Neodymium(III) formate
- Names: IUPAC name Neodymium(III) formate

Identifiers
- CAS Number: 3252-53-7;
- 3D model (JSmol): Interactive image;
- ChemSpider: 131573383;
- PubChem CID: 21943839;
- CompTox Dashboard (EPA): DTXSID50620535 ;

Properties
- Chemical formula: Nd(HCOO)_{3}
- Molar mass: 279.30 g/mol
- Appearance: Pink crystalline solid

Structure
- Crystal structure: trigonal
- Space group: R3m (No. 160)
- Lattice constant: a = 10.596 Å, c = 4.0588 Å
- Lattice volume (V): 394.6 Å^{3}
- Formula units (Z): 3 units per cell

= Neodymium(III) formate =

Neodymium(III) formate is an inorganic compound of neodymium and formic acid, with the chemical formula Nd(HCOO)_{3}, also written Nd(HCO_{2})_{3}. It is a pink crystalline rare-earth formate.

== Properties ==
Anhydrous neodymium(III) formate crystallizes in the trigonal crystal system, in the space group R3m (No. 160).

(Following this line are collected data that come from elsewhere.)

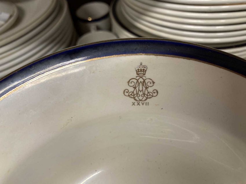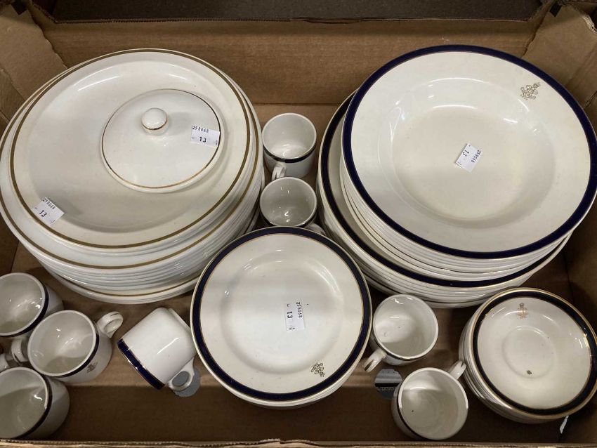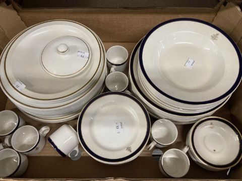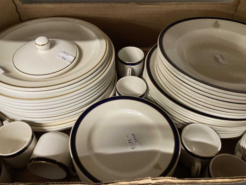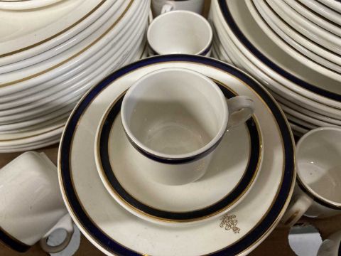 Ceramics: Falcon ware part dinner service with Military Crest, Royal Artillery 27 Field Regt. 8 dinner plates, 8 soup bowls, 8 side plates, 8 coffee cups & saucers, plus other dinnerware. (1 Box)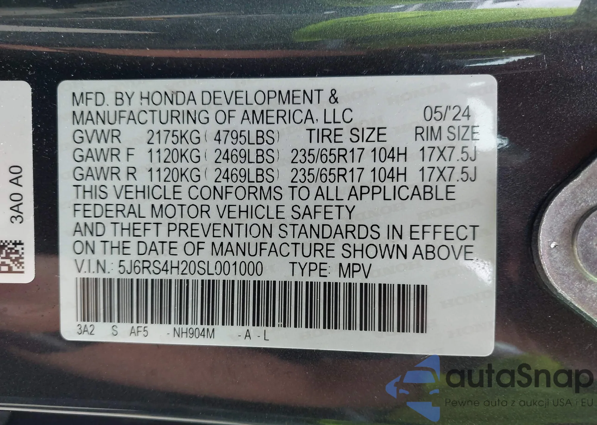 • VIN 5J6RS4H20SL001000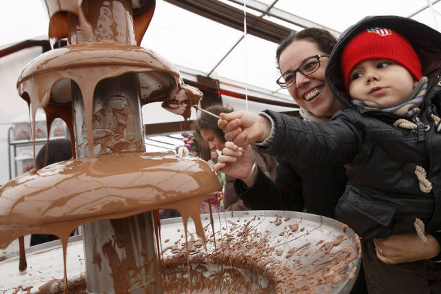 An 28 Ständen zeigten Schokoladehersteller aus der Schweiz und Frankreich ihre Kreationen: Marshmallows im Schokolademantel, Brotaufstriche und natürlich die berühmten Schokoladebrunnen in weiss, schwarz und braun.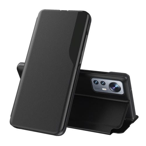 Para Xiaomi 12/12X Case de Teléfono de Cuero Flip de Pantalla Lateral con Soporte (Negro)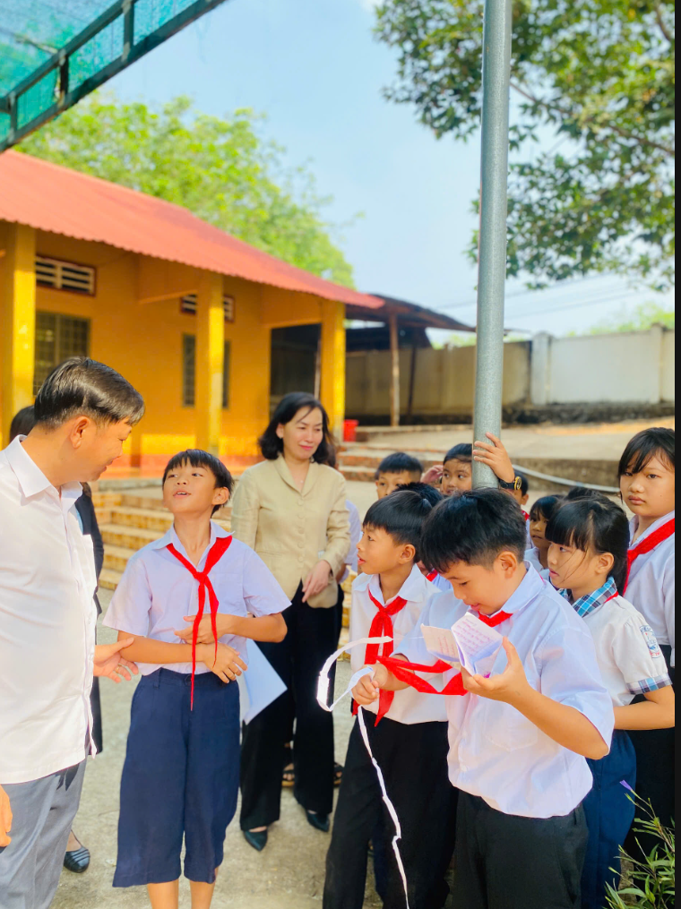 Sau khi hoàn thành việc khảo sát thực tế phương án xây dựng nhà tiền chế làm bếp ăn bán trú, lãnh đạo Sở Giáo dục và Đào tạo tỉnh Đồng Nai cùng lãnh đạo UBND xã Lộc Tấn đã có buổi gặp gỡ, trò chuyện thân mật với các em học sinh Trường Tiểu học Lộc Thiện. Tại đây, các đồng chí lãnh đạo đã ân cần thăm hỏi tình hình học tập, sinh hoạt của các em, động viên các em cố gắng chăm ngoan, học giỏi, vâng lời thầy cô và cha mẹ.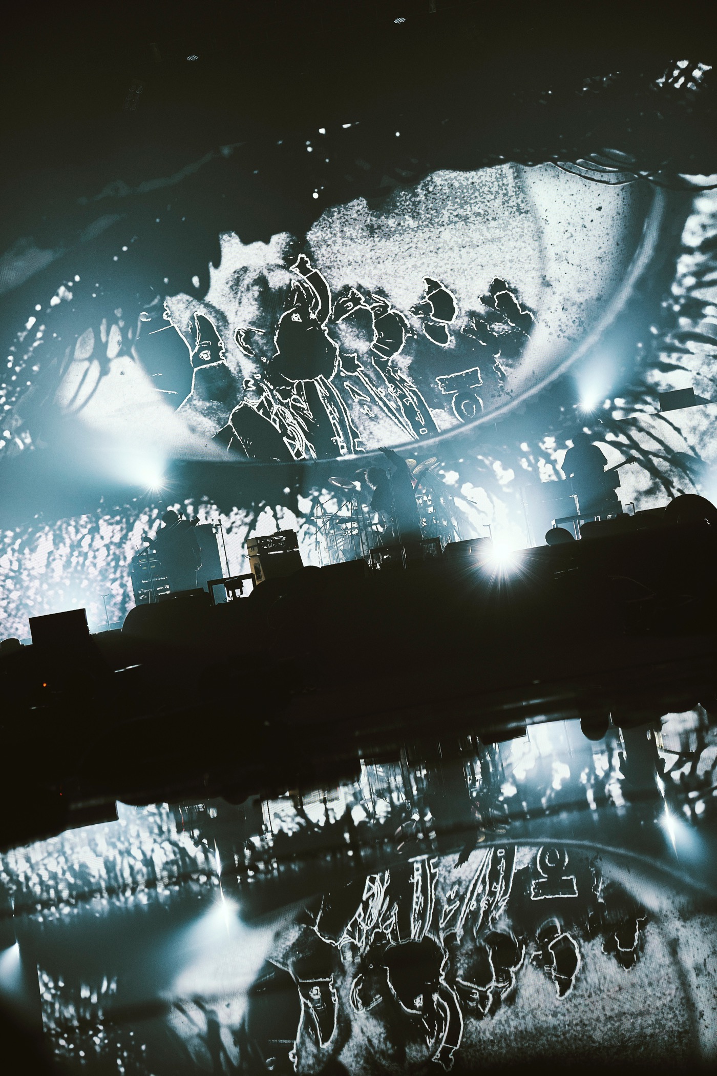 「Naked」までを終えて幕間映像。神にも愛されるほどの美貌を持った女性が、海の神ポセイドンと関係を持ったことで、女神アテネの怒りを買い、化け物に変えられてしまう――。ギリシャ神話にあるメデューサ誕生のストーリーがここで語られた。その後「嫌い」を演奏したシーンは観客にとって忘れられない場面になったであろう。“演出のため次の曲は動かないでください”という文字が表示されたあと、バンドは、メデューサの怒りや悲しみを体現するように壮絶な演奏を披露。スクリーンにはメデューサの目が、そして瞳の中には微動だにしない観客の姿が映っている。観客も演出の一部となり、「嫌い」の世界観が形作られたのだ。感染症対策ガイドライン下のライブ特有の静けさを逆手にとった演出であり、もちろん、バンドの提案に快く乗っかる観客の姿勢があってこそ成立する演出だ。メンバーも「みんな、めっちゃ固まるやん。俺、あんな景色初めて見た」と感動。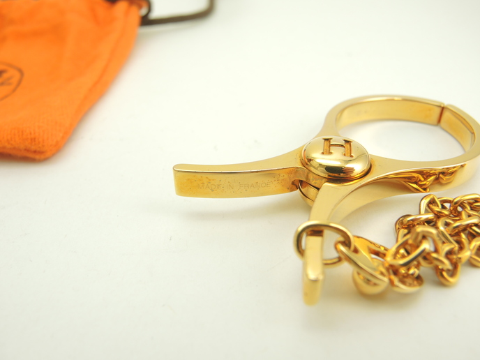 品名 : バッグチャーム キーリング グローブフォルダー メーカー : エルメス (HERMES) 型番・素材 : メッキ ライン・色 : フィルー シャインイエローゴールド(つるつるピカピカのタイプ) 参考定価 : 未確認 サイズ : W6 x H2.8 x D1 x L7 cm 製造番号 : 元からなし総重量 : 35g 本体重量 : 26g 付属品 : 写真の中に写っているものです 情報 : ・エルメスのハサミ型キーリングです。 ・全体がメタル素材にメッキで仕上げられております。 ・開閉はバネ式です。 ・キーホルダーやバッグチャームなどのアクセサリーとしてお使いいただけます。 状態コメント : ボディは特記すべきスレ・小傷もなく綺麗です。チェーン部分も特記すべきダメージ・壊れはございません。メッキはげもなく全体的に綺麗です。 #Hermes #BagCharm #GloveHolder #Scissors #FILOU #Key #Shine #Gold #90%new #authentic #Kelly #Barkin #Charm #Accessories #secondhand #wholeSale #haibanya #aisai-jp #転売可

Each Nd(III) ion is coordinated by nine oxygen atoms from nine formate anions. The formate ligands bridge neighbouring neodymium centres to produce a three-dimensional neutral coordination framework. The nearest-neighbour Nd-Nd separation is 4.0588(8) Å.

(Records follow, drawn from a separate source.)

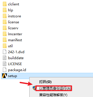 2.打开刚刚解压的文件夹,双击打开“ANSYSLICMAN_2024R2_WINX64”文件夹,选中“setup”右键选择“以管理员身份运行”
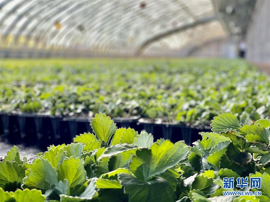 这是黑龙江省七台河市勃利县寒地有机草莓扶贫产业园大棚内栽植的草莓苗(7月28日摄)。 新华社记者 刘赫垚 摄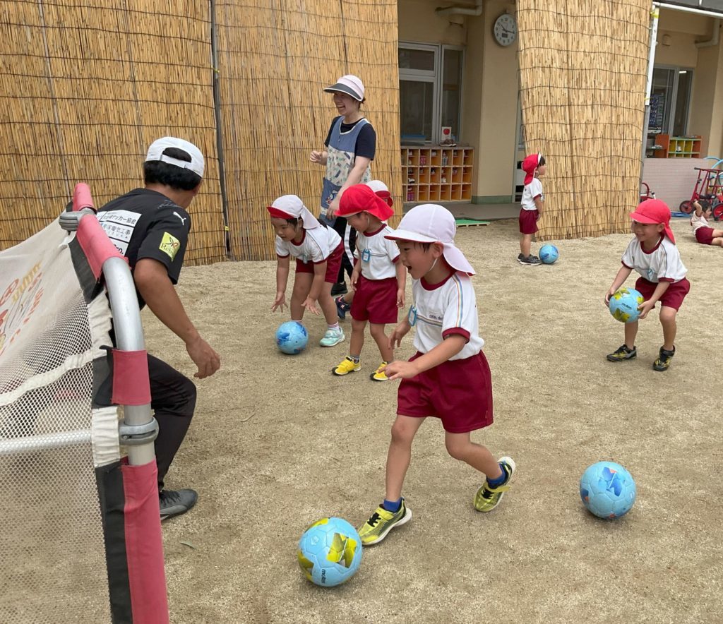 トリニータのコーチに巡回指導して頂き、キッズサッカーを行い4.5歳児クラスが参加しました。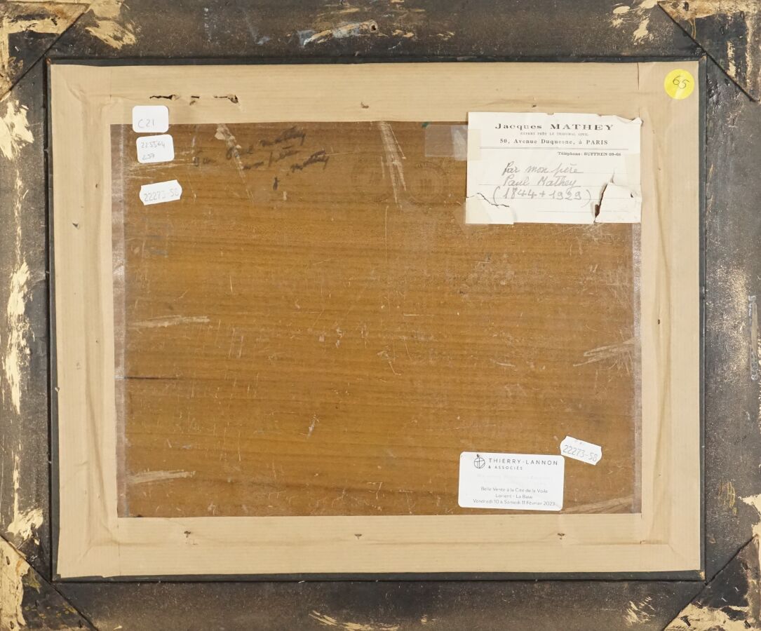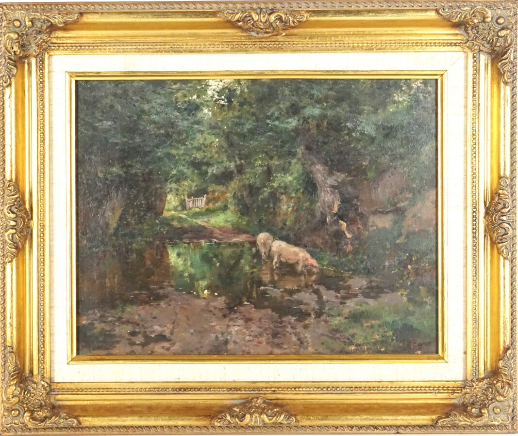 Paul Victor MATHEY (1844 - 1929), "Cochons dans le sous-bois", huile sur panneau, trace de signature en bas à droite, contresignée au dos, Dim. 27 x 33,5 cm.

On heating, neodymium(III) formate decomposes through a neodymium oxycarbonate intermediate. For the lighter rare-earth formates, including neodymium formate, the principal sequence can be represented as formation of Nd_{2}O_{2}CO_{3}, followed at higher temperature by conversion to neodymium(III) oxide, Nd_{2}O_{3}. The oxycarbonate formed from neodymium formate has a monoclinic-type structure.

== Preparation ==
Neodymium(III) formate can be prepared by reaction of neodymium salts with formic acid. For example, neodymium nitrate hexahydrate dissolves in concentrated formic acid at room temperature and yields neodymium formate on prolonged reaction and evaporation.

Single crystals have also been obtained under hydrothermal conditions from neodymium nitrate and formate-containing reaction mixtures.